I am trying to understand the structure of single cell data

df<- new("Seurat", assays = list(RNA = new("Assay", counts = new("dgCMatrix", 
    i = c(1L, 4L, 1L, 2L, 1L), p = c(0L, 2L, 4L, 5L), Dim = c(5L, 
    3L), Dimnames = list(c("0610005C13Rik", "0610007C21Rik", 
    "0610007L01Rik", "0610007N19Rik", "0610007P08Rik"), c("10X_P4_0_AAACCTGAGATTACCC", 
    "10X_P4_0_AAACCTGAGTGCCAGA", "10X_P4_0_AAACCTGCAAATCCGT")), 
    x = c(3, 2, 1, 1, 3), factors = list()), data = new("dgCMatrix", 
    i = c(1L, 4L, 1L, 2L, 1L), p = c(0L, 2L, 4L, 5L), Dim = c(5L, 
    3L), Dimnames = list(c("0610005C13Rik", "0610007C21Rik", 
    "0610007L01Rik", "0610007N19Rik", "0610007P08Rik"), c("10X_P4_0_AAACCTGAGATTACCC", 
    "10X_P4_0_AAACCTGAGTGCCAGA", "10X_P4_0_AAACCTGCAAATCCGT")), 
    x = c(3, 2, 1, 1, 3), factors = list()), scale.data = structure(numeric(0), .Dim = c(0L, 
0L)), key = "rna_", assay.orig = NULL, var.features = character(0), 
    meta.features = structure(list(), .Names = character(0), row.names = c("0610005C13Rik", 
    "0610007C21Rik", "0610007L01Rik", "0610007N19Rik", "0610007P08Rik"
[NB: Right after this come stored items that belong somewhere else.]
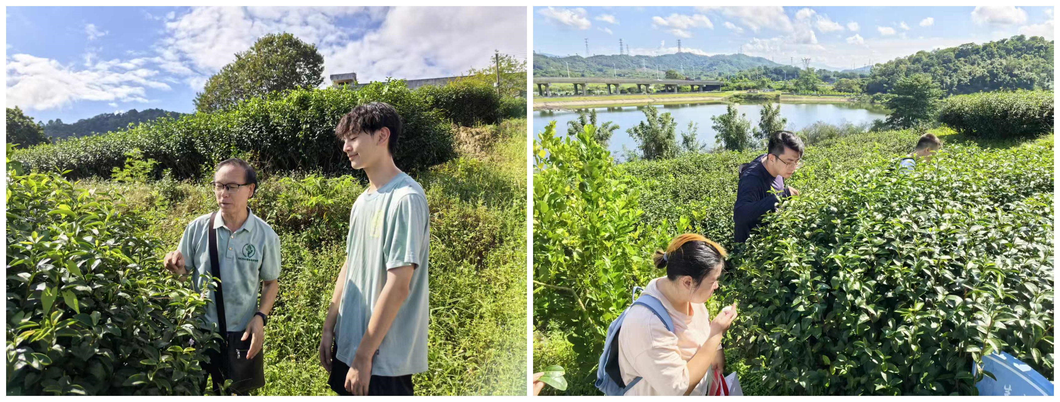 图2老师们指导同学们识别茶树病害症状及采集标本(增城实验基地)
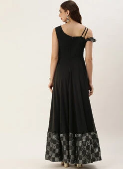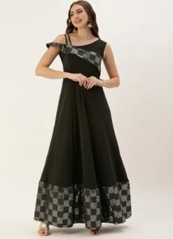 Teen Girls Black Georgette Embroidered Gown Party Wear
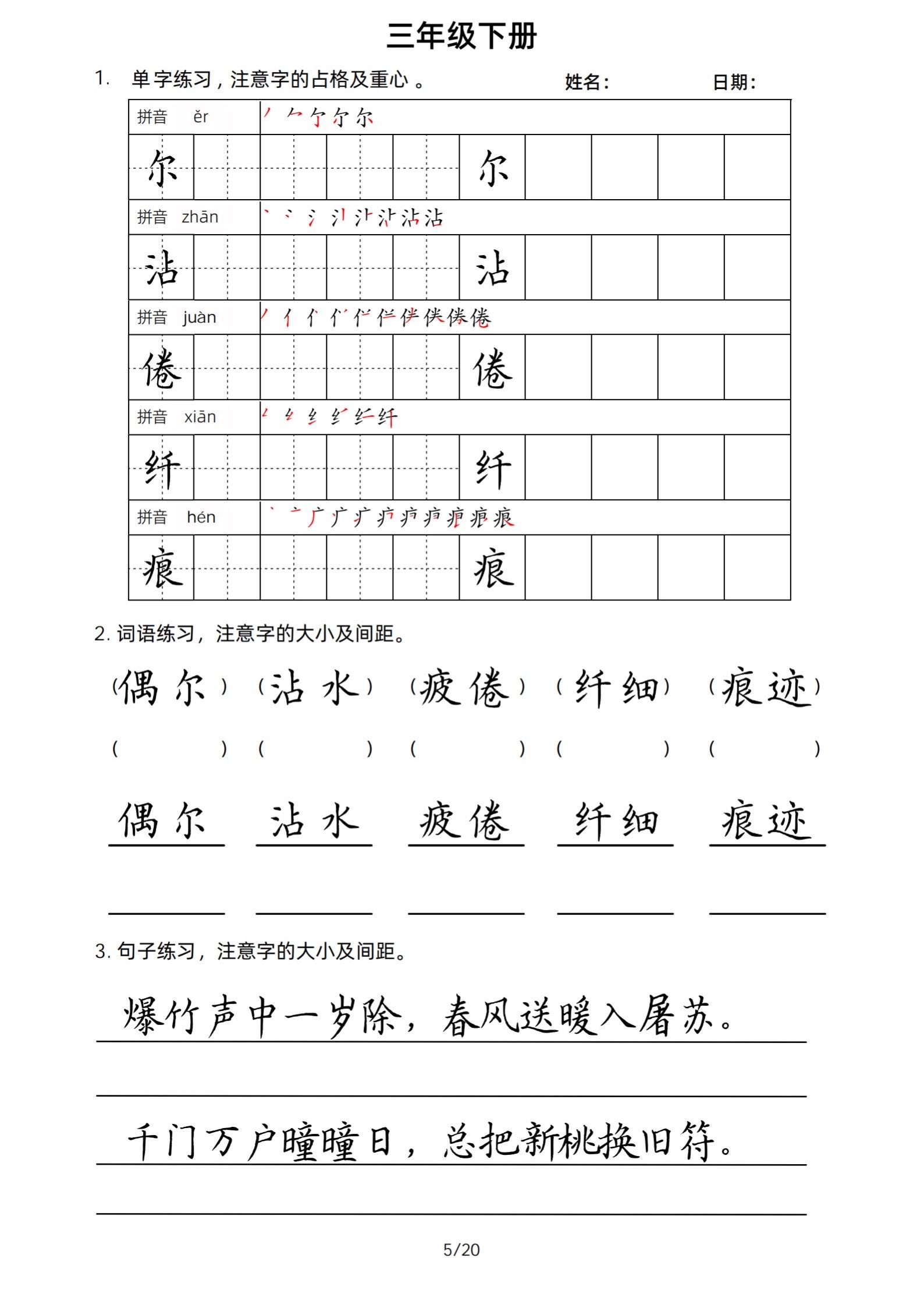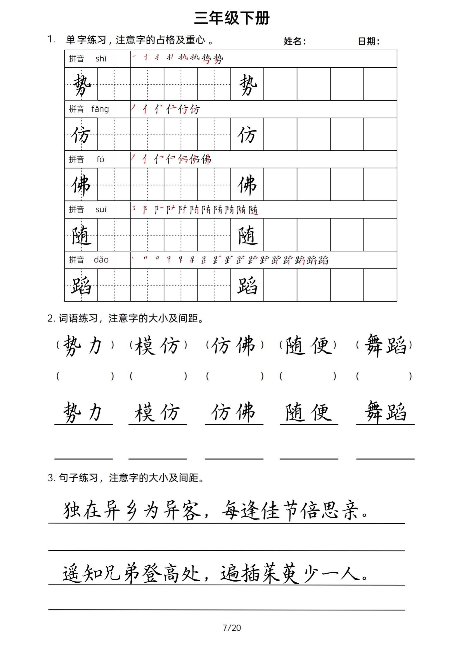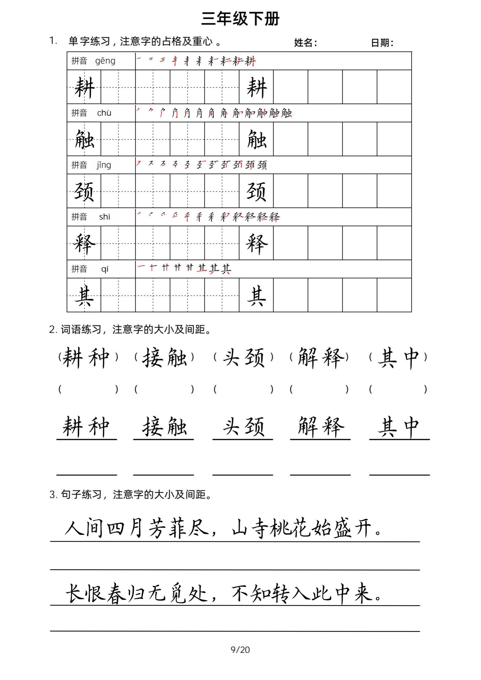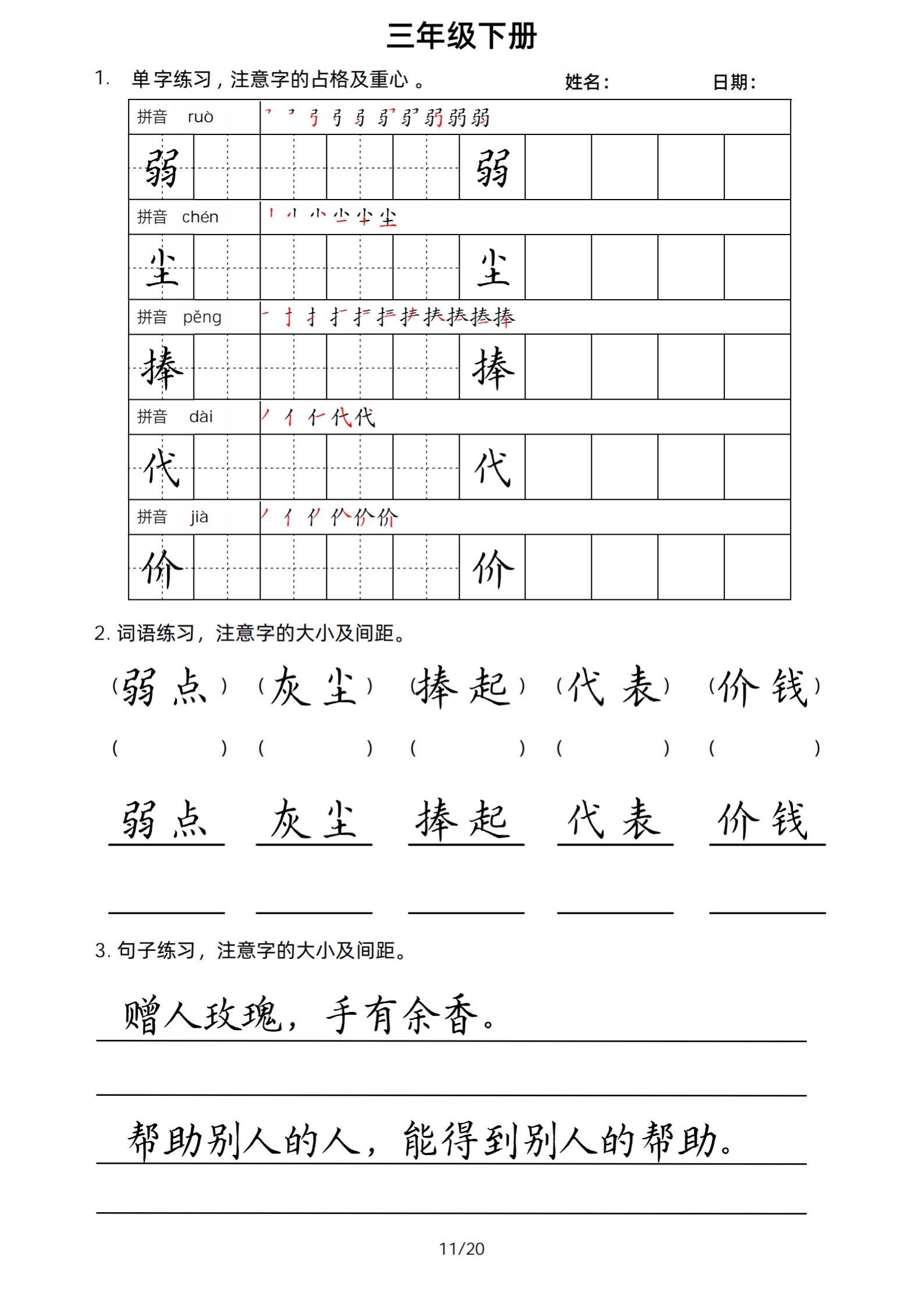 2026年春小学三年级下册生字帖课贴。小学语文 字帖,字音,笔画顺序,组词手写笔记教材 study打卡 永春县最便宜打印店 八方文印店。有需要可以自行下载打印出来

    ), class = "data.frame"), misc = list())), meta.data = structure(list(
    orig.ident = structure(c(1L, 1L, 1L), .Label = "10X", class = "factor"), 
    nCount_RNA = c(5, 2, 3), nFeature_RNA = c(2L, 2L, 1L), cell = c("10X_P4_0_AAACCTGAGATTACCC", 
    "10X_P4_0_AAACCTGAGTGCCAGA", "10X_P4_0_AAACCTGCAAATCCGT"), 
    channel = c("10X_P4_0", "10X_P4_0", "10X_P4_0"), mouse.id = c("3-M-8", 
    "3-M-8", "3-M-8"), tissue = c("Tongue", "Tongue", "Tongue"
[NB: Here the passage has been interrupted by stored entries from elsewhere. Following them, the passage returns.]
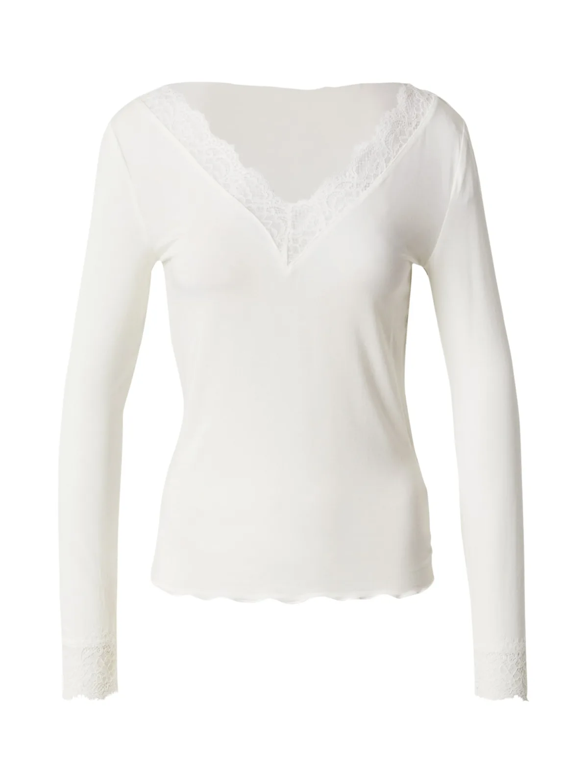 Design: Gevoerde zoom/rand, Gerolde boord; Materiaal: Jersey; Halstype: V-hals; Motief: Effen; Details: Kant; Extra's: Op staal naden, Voelt zacht aan; Pasvorm: Slanke pasvorm; Armlengte: Lange mouw; Lengte: Normale lengte
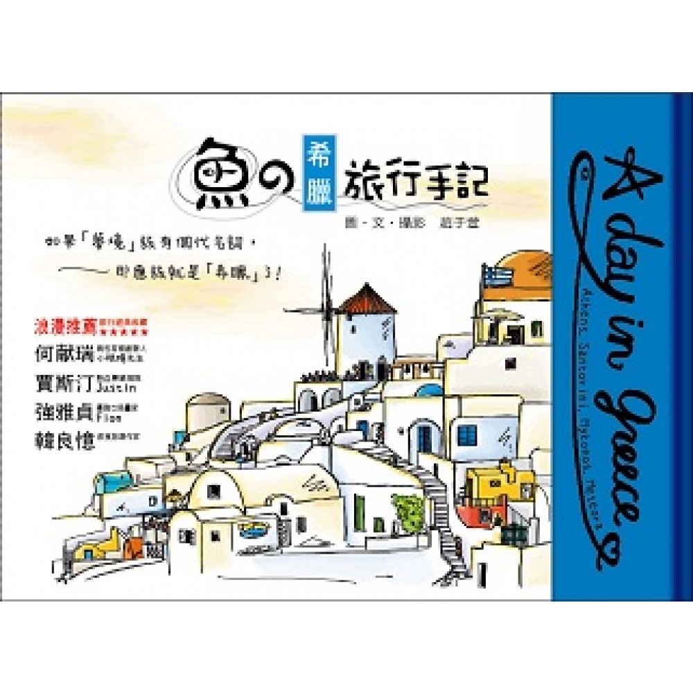「真正的希臘,是彩色的。 在聖托里尼島依亞風車下,或躺或坐,靜待日落, 乾爽清涼的海風吹拂,海水拍打岩石形成白色浪花, 身旁情人的絮語襯著遠方郵船的汽笛聲。 船隻在藍色海面上緩緩移動,白色小屋堆疊於層層山坡, 紅色的夕陽與藍色的海映照在白色的房子上,交錯成浪漫的黃,然後橘紅, 最後,整個世界變成無法言喻的美麗紫色……」 如果「夢境」該有個代名詞的話,應該就是希臘了! 因為,這是一個連風景都能醉人的地方! 為了實現創業的夢想,魚這次飛向「把全世界的藍都用光」的希臘,在神話色彩濃厚的雅典撫摸歷史痕跡,在恰似奶油巧克力蛋糕的聖托里尼島慵懶漫步,在猶如藍白天堂的米克諾斯島撞見美景,在天空之城梅堤歐拉感受神聖莊嚴。 透過精緻的照片、文字及手感繪圖,魚將帶你穿梭在希臘的巷弄之間、飄盪於愛琴海上,忙碌地用口鼻品嘗當地美食,努力地用雙眼觀察各式手工藝品,仔細地用心靈捕捉天堂景致,在買東西吃東西、買東西吃東西的過程裡,進行一場與眾不同的希臘之旅。
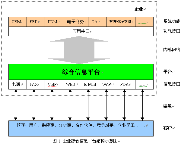 企業(yè)綜合信息平臺是一個完全從客戶出發(fā),并能更好地為客戶服務(wù)的一個平臺。這里我們所指的“客戶”是一個廣義的概念,綜合信息平臺的客戶不僅包括企業(yè)的客戶、用戶,而且還包括企業(yè)內(nèi)部的員工、企業(yè)的供應(yīng)商、分銷商及合作伙伴,甚至還包括企業(yè)的競爭對手。綜合信息平臺,保證了企業(yè)內(nèi)部之間、企業(yè)與客戶之間的信息流得到暢通、高效的處理,可以高效、高質(zhì)量地為客戶服務(wù),提高客戶的滿意度和忠誠度,同時使企業(yè)內(nèi)部的信息實現(xiàn)共享,并能支撐企業(yè)信息化各環(huán)節(jié)對客戶數(shù)據(jù)的依賴,為企業(yè)信息化建設(shè)提供了一個開放性的平臺。
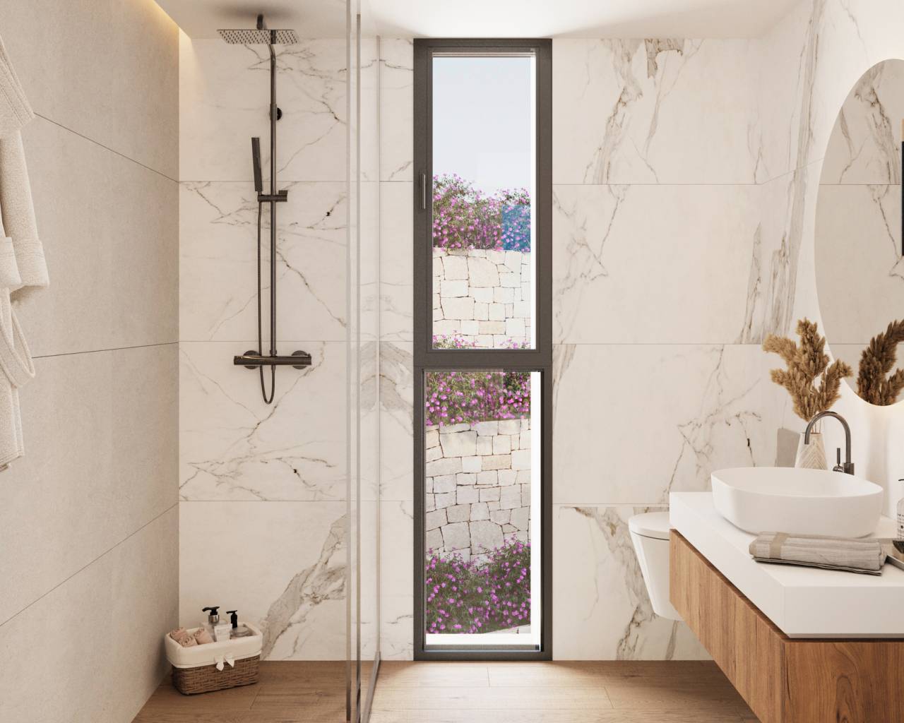 Located in the charming town of Polop, this exclusive community of 49 detached homes offers a privileged setting with sea views. The properties are designed for those seeking a modern and comfortable home, with options of 2, 3, or 4 bedrooms and 2 or 3 bathrooms, catering to the needs of every family. The contemporary architecture and quality finishes ensure a sophisticated lifestyle in an unparalleled natural environment. OUTDOOR AREAS The homes feature spacious outdoor areas including a private garden and terrace, ideal for enjoying the Mediterranean climate. Additionally, each property includes a solarium and pergola, perfect for relaxing and enjoying the stunning sea views. The presence of a private pool and jacuzzi adds a touch of luxury and comfort, allowing for leisure and relaxation in the privacy of your home. INDOOR AREAS The interior of the homes is designed to offer maximum comfort and functionality. Equipped with air conditioning and modern appliances, these houses ensure a pleasant environment throughout the year. Ceramic floors add an elegant touch and are easy to maintain. The homes also feature built-in wardrobes, electric shutters, and a video intercom, ensuring comfort and security. The layout includes a garage, providing a secure parking space. POLOP DE LA MARINA Polop, in the province of Alicante, is a charming village nestled between mountains and with panoramic views of the sea. Although it is not a mass tourist destination, its appeal lies in its natural surroundings and its Mediterranean charm. Tourism in Polop focuses on its old town, with cobbled streets and historical monuments such as the Church of San Pedro. Its natural surroundings are conducive to outdoor activities such as hiking and cycling. The lifestyle in Polop is tranquil and rooted in rural life. The inhabitants value tranquillity and community life, celebrating local festivities and promoting cultural activities. The gastronomy is based on typical dishes of the region, with fresh local produce. Polop offers a serene and rural atmosphere for those seeking a quiet life in a natural environment, enjoying the panoramic views and the essence of Mediterranean life in the province of Alicante.

    ), subtissue = c(NA_character_, NA_character_, NA_character_
    ), mouse.sex = c("M", "M", "M"), method = c("droplet", "droplet", 
    "droplet"), cell_ontology_class = c("basal cell of epidermis", 
    "keratinocyte", "keratinocyte"), cell_ontology_id = c("CL:0002187", 
    "CL:0000312", "CL:0000312"), free_annotation = c("proliferating", 
    "differentiated", "suprabasal differentiating")), row.names = c("10X_P4_0_AAACCTGAGATTACCC", 
"10X_P4_0_AAACCTGAGTGCCAGA", "10X_P4_0_AAACCTGCAAATCCGT"), class = "data.frame"), 
    active.assay = "RNA", active.ident = structure(c(`10X_P4_0_AAACCTGAGATTACCC` = 1L, 
    `10X_P4_0_AAACCTGAGTGCCAGA` = 1L, `10X_P4_0_AAACCTGCAAATCCGT` = 1L
    ), .Label = "10X", class = "factor"), graphs = list(), neighbors = list(), 
    reductions = list(), images = list(), project.name = "SeuratProject", 
    misc = list(), version = structure(list(c(4L, 0L, 4L)), class = c("package_version", 
    "numeric_version")), commands = list(), tools = list())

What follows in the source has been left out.